═════ LISTED RECORDS

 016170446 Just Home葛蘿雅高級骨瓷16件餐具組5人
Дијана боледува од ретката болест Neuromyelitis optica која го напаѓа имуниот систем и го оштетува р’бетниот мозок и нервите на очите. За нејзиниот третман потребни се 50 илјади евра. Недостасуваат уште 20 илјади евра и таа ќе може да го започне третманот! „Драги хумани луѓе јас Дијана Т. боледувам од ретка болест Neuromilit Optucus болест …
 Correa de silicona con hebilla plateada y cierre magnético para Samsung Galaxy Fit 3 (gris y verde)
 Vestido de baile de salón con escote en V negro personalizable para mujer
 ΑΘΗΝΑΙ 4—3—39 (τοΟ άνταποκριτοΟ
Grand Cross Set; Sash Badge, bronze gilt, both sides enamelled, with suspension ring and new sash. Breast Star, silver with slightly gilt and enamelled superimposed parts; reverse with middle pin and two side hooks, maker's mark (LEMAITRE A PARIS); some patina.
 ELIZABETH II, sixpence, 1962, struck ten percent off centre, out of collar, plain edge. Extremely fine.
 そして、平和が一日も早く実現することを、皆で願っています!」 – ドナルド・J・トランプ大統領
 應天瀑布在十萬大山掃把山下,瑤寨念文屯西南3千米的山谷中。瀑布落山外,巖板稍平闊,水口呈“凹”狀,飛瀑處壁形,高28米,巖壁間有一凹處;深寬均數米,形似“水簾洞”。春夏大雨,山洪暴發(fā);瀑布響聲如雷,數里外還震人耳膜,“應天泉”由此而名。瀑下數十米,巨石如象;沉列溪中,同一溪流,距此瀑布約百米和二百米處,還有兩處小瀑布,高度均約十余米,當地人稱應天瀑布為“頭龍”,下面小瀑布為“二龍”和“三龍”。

══════════
═════ LISTED RECORDS

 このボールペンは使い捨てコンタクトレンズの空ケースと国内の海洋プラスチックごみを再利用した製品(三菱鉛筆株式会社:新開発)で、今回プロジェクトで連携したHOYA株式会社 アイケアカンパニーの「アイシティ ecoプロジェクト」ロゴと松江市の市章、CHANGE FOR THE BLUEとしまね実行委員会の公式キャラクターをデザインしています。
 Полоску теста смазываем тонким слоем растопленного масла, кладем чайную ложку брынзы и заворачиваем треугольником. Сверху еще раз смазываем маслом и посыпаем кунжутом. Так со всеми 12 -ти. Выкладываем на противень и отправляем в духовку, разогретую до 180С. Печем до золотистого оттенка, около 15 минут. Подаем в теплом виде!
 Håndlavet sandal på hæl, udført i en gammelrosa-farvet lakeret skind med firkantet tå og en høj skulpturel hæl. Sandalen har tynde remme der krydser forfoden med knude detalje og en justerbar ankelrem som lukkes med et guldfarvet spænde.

══════════
═════ LISTED RECORDS

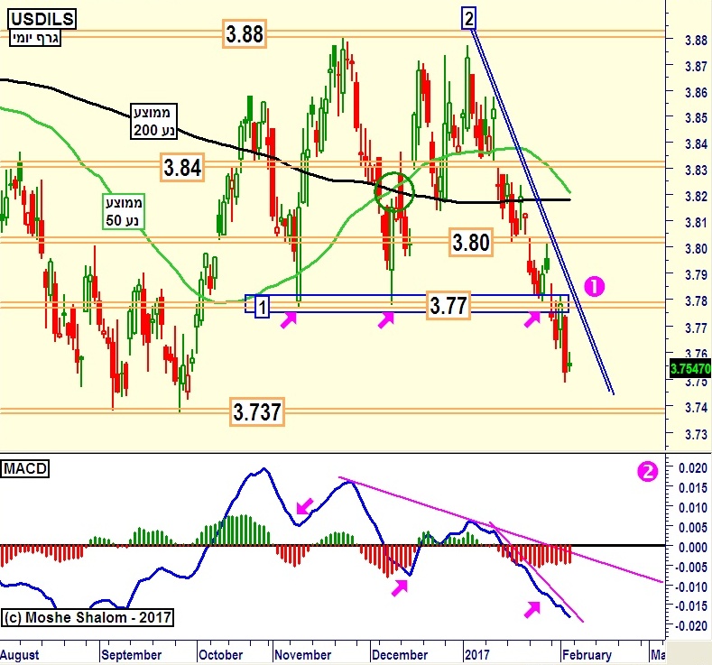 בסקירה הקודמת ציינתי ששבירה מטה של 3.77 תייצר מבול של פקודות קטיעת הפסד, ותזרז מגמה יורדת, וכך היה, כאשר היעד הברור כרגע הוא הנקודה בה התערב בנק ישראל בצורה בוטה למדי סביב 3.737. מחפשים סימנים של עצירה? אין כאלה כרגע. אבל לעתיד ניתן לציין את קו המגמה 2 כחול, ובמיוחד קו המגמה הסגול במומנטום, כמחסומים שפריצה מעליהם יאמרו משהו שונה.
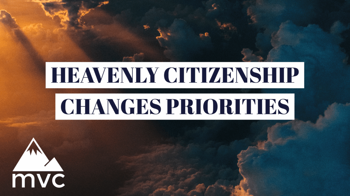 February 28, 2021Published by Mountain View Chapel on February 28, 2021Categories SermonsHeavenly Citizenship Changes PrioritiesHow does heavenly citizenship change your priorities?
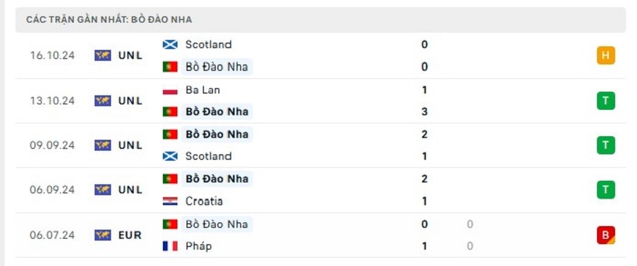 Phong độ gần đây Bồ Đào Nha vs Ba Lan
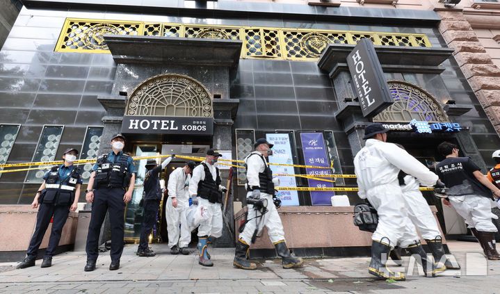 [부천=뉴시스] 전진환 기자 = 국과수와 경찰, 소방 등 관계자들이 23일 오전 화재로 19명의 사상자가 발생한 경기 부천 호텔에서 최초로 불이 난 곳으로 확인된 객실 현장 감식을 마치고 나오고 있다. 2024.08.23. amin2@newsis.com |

══════════

WHAT TO WORK ON —
Within the listing above, extract exactly the lines from the line with "016170446 Just Home葛蘿雅高級骨瓷16件餐具組5人" to the line with "應天瀑布在十萬大山掃把山下,瑤寨念文屯西", the two named lines included, and no others.

ANSWER FOR THIS EXERCISE —
 016170446 Just Home葛蘿雅高級骨瓷16件餐具組5人
Дијана боледува од ретката болест Neuromyelitis optica која го напаѓа имуниот систем и го оштетува р’бетниот мозок и нервите на очите. За нејзиниот третман потребни се 50 илјади евра. Недостасуваат уште 20 илјади евра и таа ќе може да го започне третманот! „Драги хумани луѓе јас Дијана Т. боледувам од ретка болест Neuromilit Optucus болест …
 Correa de silicona con hebilla plateada y cierre magnético para Samsung Galaxy Fit 3 (gris y verde)
 Vestido de baile de salón con escote en V negro personalizable para mujer
 ΑΘΗΝΑΙ 4—3—39 (τοΟ άνταποκριτοΟ
Grand Cross Set; Sash Badge, bronze gilt, both sides enamelled, with suspension ring and new sash. Breast Star, silver with slightly gilt and enamelled superimposed parts; reverse with middle pin and two side hooks, maker's mark (LEMAITRE A PARIS); some patina.
 ELIZABETH II, sixpence, 1962, struck ten percent off centre, out of collar, plain edge. Extremely fine.
 そして、平和が一日も早く実現することを、皆で願っています!」 – ドナルド・J・トランプ大統領
 應天瀑布在十萬大山掃把山下,瑤寨念文屯西南3千米的山谷中。瀑布落山外,巖板稍平闊,水口呈“凹”狀,飛瀑處壁形,高28米,巖壁間有一凹處;深寬均數米,形似“水簾洞”。春夏大雨,山洪暴發(fā);瀑布響聲如雷,數里外還震人耳膜,“應天泉”由此而名。瀑下數十米,巨石如象;沉列溪中,同一溪流,距此瀑布約百米和二百米處,還有兩處小瀑布,高度均約十余米,當地人稱應天瀑布為“頭龍”,下面小瀑布為“二龍”和“三龍”。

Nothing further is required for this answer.